During Duncan’s fieldwork in 1995-1996, the Indonesian government considered much of Halmahera Island as uninhabited and underexploited. This perception led to a high-profile program of rapidly transforming the regional economy by attracting private investors and landless settlers from crowded islands like Java. Accommodating the land demands of commercial enterprises and land-hungry settlers significantly reduced access by Tobelo communities, including the blocking of seasonal migration routes to highly-valued resources on coastlines and along rivers in the forests.
Traditionally, clearing a piece of land for cultivation or a patch around a palm or fruit tree established ownership. Ownership also was indicated by a property sign (bobugo), usually a fetishized object that represented some kind of calamity or disease that would befall trespassers and thieves, such as a disintegrating tree root to symbolize deteriorating health, or a sharp piece of bamboo to represent pleurisy. A bobugo could also be a doll on which a spell was cast and placed at an entrance to a garden. In the twenty-first century, this concept extends in the modern ecological context to matakau, both the cursed marker (usually including a glass bottle) and the practice of protecting socioeconomically and ecologically important land, including forests.
According to Hueting, traditional Tobelo marriage was not a tightly-controlled or formal system. People could marry full cousins and within and outside the hoana (socioterritorial group). However, for close kin to marry a fee to sever the blood bond had to be paid. Young adults were permitted to pick and choose whom they wanted, but the choice had to be approved by parents, who would take into consideration the prospective spouse’s parents and families. To propose, the young man sent a gift of finely carved betelnuts as a form of proposal to the prospective bride. If accepted, the parents then sent a return gift to the prospective groom’s parents. The families then entered into negotiations over the brideprice. If none could be made the groom had to perform bride service. When parents agreed on the terms, they exchanged gifts and a marriage ceremony took place at the home of the bride. The wedding involved eating, drinking, dancing, and singing. The couple then went to the bridegroom’s house for additional ceremonies and feasting. Thereafter, in-laws avoided using each other’s’ proper names, substituting other words in their place.

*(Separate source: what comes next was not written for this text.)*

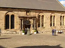 The architectural spaces of August 1594 can still be explored and experienced by visitors today. The Chapel Royal was purpose-built in 1594 under the direction of William Schaw, who was Master of Work to the king and the queen, and an administrator of the queen's landed income.[100] Some of the timber was selected on the Shore of Leith by the king's carpenter James Murray, elder.[101] The building has a central triumphal arch as an entrance, flanked by Italianate windows, and can be described as the first Renaissance style church in Britain.[102] The north façade is featureless. An older chapel on the site was judged inadequate for its bad proportions by a previous Master of Work Robert Drummond of Carnock in May 1583.[103] Ian Campbell and Aonghus MacKechnie argue that the proportions of the new building and a partition or barrier in the original interior mentioned by William Fowler matched ratios in the Bible for the measurements of the Temple of Solomon.[104] James VI had been compared to Solomon by his courtiers and poets, and while the chapel was being built John Colville described it in a letter as "the great Temple of Solomon".[105] However, this connection was not developed in William Fowler's description of the baptism pageant. Campbell and MacKechnie propose that the physical embodiment of the Temple in the architecture, rather than the allusion to kingship made by Colville, was a secret kept by the masons.[106]

Residence is patrilocal. Newly married couples start their own household and garden. Polygamy was rare but practiced by the wealthiest.
At childbirth, a sign was placed outside a home to announce the birth and indicate the baby’s gender: a wooden machete for a boy and wooden chisel for a girl. Mothers were very protective of their children, keeping them close at all times. Punishing a child too severely or letting a child cry for too long was considered hazardous to their health. Children went naked until they felt ashamed to do so. Girls started earlier than boys to help with household chores. Filing teeth was practiced by boys and girls at puberty. Nocturnal trysts between unmarried couples were permissible.
The hoana was both a social group and territorial division. What may have started out as a kin group changed over time as groups migrated and resettled. Heads of hoana and villages were considered “first among equals,” with limited authority.
The Forest Tobelo appeared very apprehensive about their incorporation as citizens of a larger entity called “Indonesia.” In large part, this fear was due to a history of unfavorable interactions with the police and other representatives of the state.
Hueting writes that mutual interests kept everyone united and more-or-less restrained in their behavior. Certainly, fears of retribution from the spirit world—believed to be the source of many illnesses and bad fortune—made people adhere to custom and cultural norms.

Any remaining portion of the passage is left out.